Coffee with Neil Young and Jonathan Demme: One of the cool things about film festivals is the chance to interact with artists who have directly influenced you. Academy Award-winning filmmaker Jonathan Demme (The Silence of the LambsPhiladelphia) and music legend Neil Young have a film at Slamdance 2012 and agreed to be a part of the festival’s “Coffee With…” series. The film, Neil Young Journeys, is their third collaboration, and is a look at the material from Young’s newest album, Le Noise. Where their previous films together focused on Young’s work with a band of musicians, this one revolves around his performance of the new material solo, with only his electric guitar for accompaniment. I’m hoping to catch a repeat showing of the film on Tuesday.

Even for those of us unable to get into Saturday afternoon’s screening due to extremely high demand, today’s event was more than worthwhile. I’ve got to tip my cap to Slamdance’s tireless press office for making it possible for me to get into the venue early and in getting me tickets to almost every single event I’ve requested. Young and Demme seemed truly glad to be at the Festival and spent around two hours taking questions from a packed house on a variety of topics, including the nature of their partnership, the creative process, challenges facing contemporary artists and the value of art in today’s society. Something that really struck me was the way the two men often had completely different ideas while remaining respectful of each other’s opinion.

For example, Demme believes the most exciting contemporary filmmaking is found on YouTube and Vimeo, while Young finds that the quality of that material “sucks… to the Google power.” Young went so far as to say that “when MP3 files are traded, I’m not getting ripped off, ’cause it’s not worth anything.” Other highlights included Young talking about an idea for a film featuring him playing with Crazy Horse being accompanied and filmed by a large group of children wielding iPhones; the revelation that he composed the song “Philadelphia” in only a half-hour; Demme talking about the obligation he feels to document what’s going on in the world at this time in history; and both men’s unsurprising lack of love for corporate control of an artist’s work.

A few select quotes:

  • Demme on collaboration: “Every time you step out…, fight to work with people that you trust.”
  • Young on the creative process: “You have to trust yourself…. Then, you have no fear…. Welcome failure with open arms.”
  • Young on songwriting: “If you hear it in your head, pay attention, grab it and accept it.”
  • Demme on online platforms: Despite the medium’s low technical quality, filmmakers working there can “give the burst of truth.”
  • Young’s final word on living as an artist: “What’s in front of you may not be as important as what’s inside of you.”

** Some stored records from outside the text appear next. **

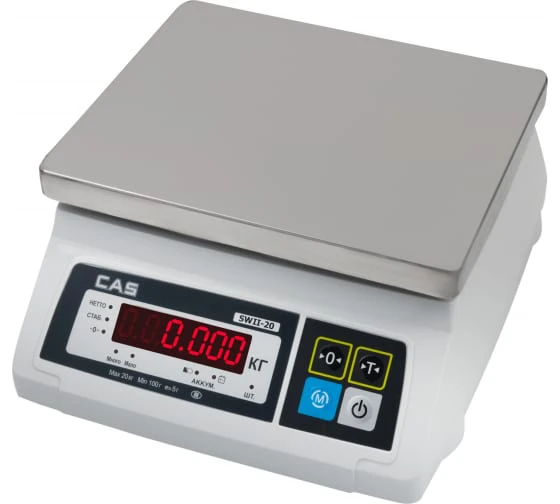 Весы торговые Cas SWII-20W - настольные весы эконом класса с повышенной точностью. CAS SW-II в 2 раза точнее CAS SW-I: у весов SW-I-05 при НПВ=5 кг дискретность (d)=2 грамма, у весов CAS SW-II-0,5 при НПВ=5 кг d=1 грамм.
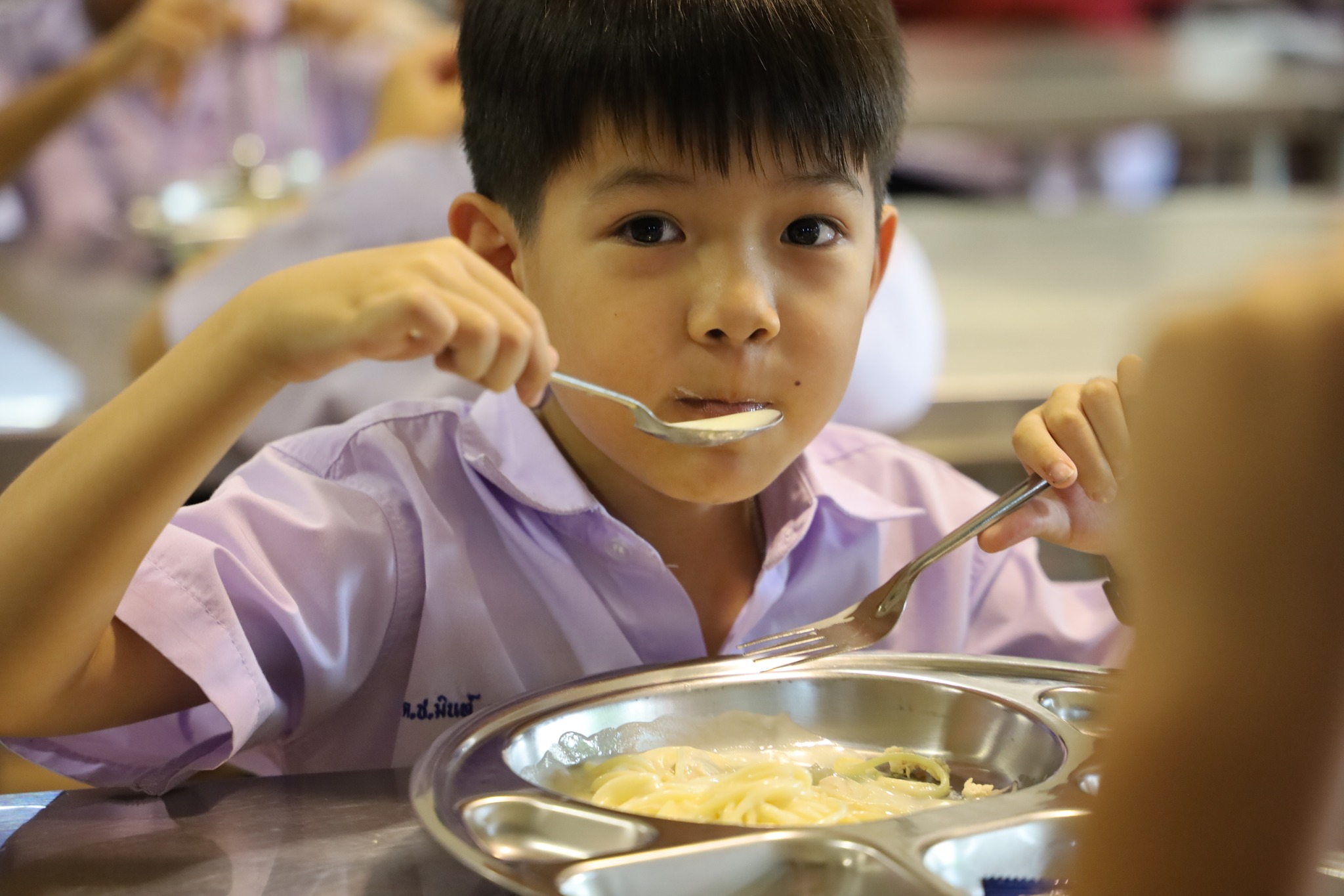The Suan Sunandha Rajabhat University Demonstration School Lunch Program has prepared a favorite lunch for all students. The children's favorite dish, "Spaghetti Carbonara," is sure to fill them with smiles and encouragement. The soft noodles and the rich flavors of cream and milk create happy memories and warm memories of school time together. Before the students enter their break for the semester, we wish all students happiness, joy, and a bright future, ready to return to the new semester with full energy.
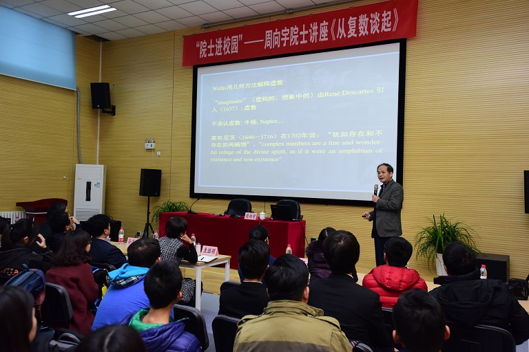乔建永校长对周向宇院士的到来表示热烈欢迎,介绍了周向宇院士的基本情况和学术成就。周院士从复数产生的历史谈起,叙述了复数基本性质、复分析基本内容及其与其它数学领域的联系,介绍了中国数学家在多复变领域的以往成就与新近进展。周院士用棣莫弗定理和瑞士数学家欧拉提出的欧拉公式以及高斯、库默尔对复数的应用等知识,说明了复数的重要性;用k平方和引出复变函数的研究,并结合自己的求学、研究经验展开详细的介绍。随后,周院士向大家展示了数学界新近成果和研究进展,引用了庄子的“人皆知有用之用,而莫知无用之用”来鼓励同学们要有长远的眼光,学会提升自己。随后的提问环节,现场气氛热烈,大家踊跃发言,周院士热情与同学们交流互动,耐心答疑解惑。
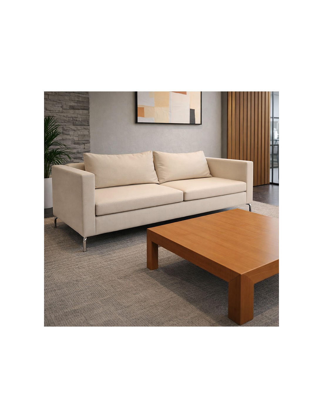 Su diseño único, que combina un respaldo bajo con cojines dispuestos según la preferencia del usuario, permite sentarse cómodamente en diversas posiciones. Fabricado con una estructura de madera de primera calidad y espumas de alta densidad, garantiza durabilidad y confort durante años. Tapizado en tejidos especiales para contract y equipado con patas en tubo de acero de 20 con tacos antideslizantes, el sofá Yappo es una elección elegante y funcional para cualquier hogar. Disponible en versiones de una, dos o tres plazas, se adapta perfectamente a tus necesidades y estilo de vida.

The day ended with a trip to the post-event for No Room For Rockstars, a documentary on the Vans Warped Tour. What made this one special was a live performance by punk rockers Against Me. While I wasn’t familiar with their work, a few of my compatriots were incredibly excited to see them, and I’ll certainly be checking out more of their stuff. Though I’m a bit deaf at the moment, they were a lot of fun.

Well, I’d best get to sleep. After moving to a different condominium in the morning, I’ll be hopping all over the place all afternoon.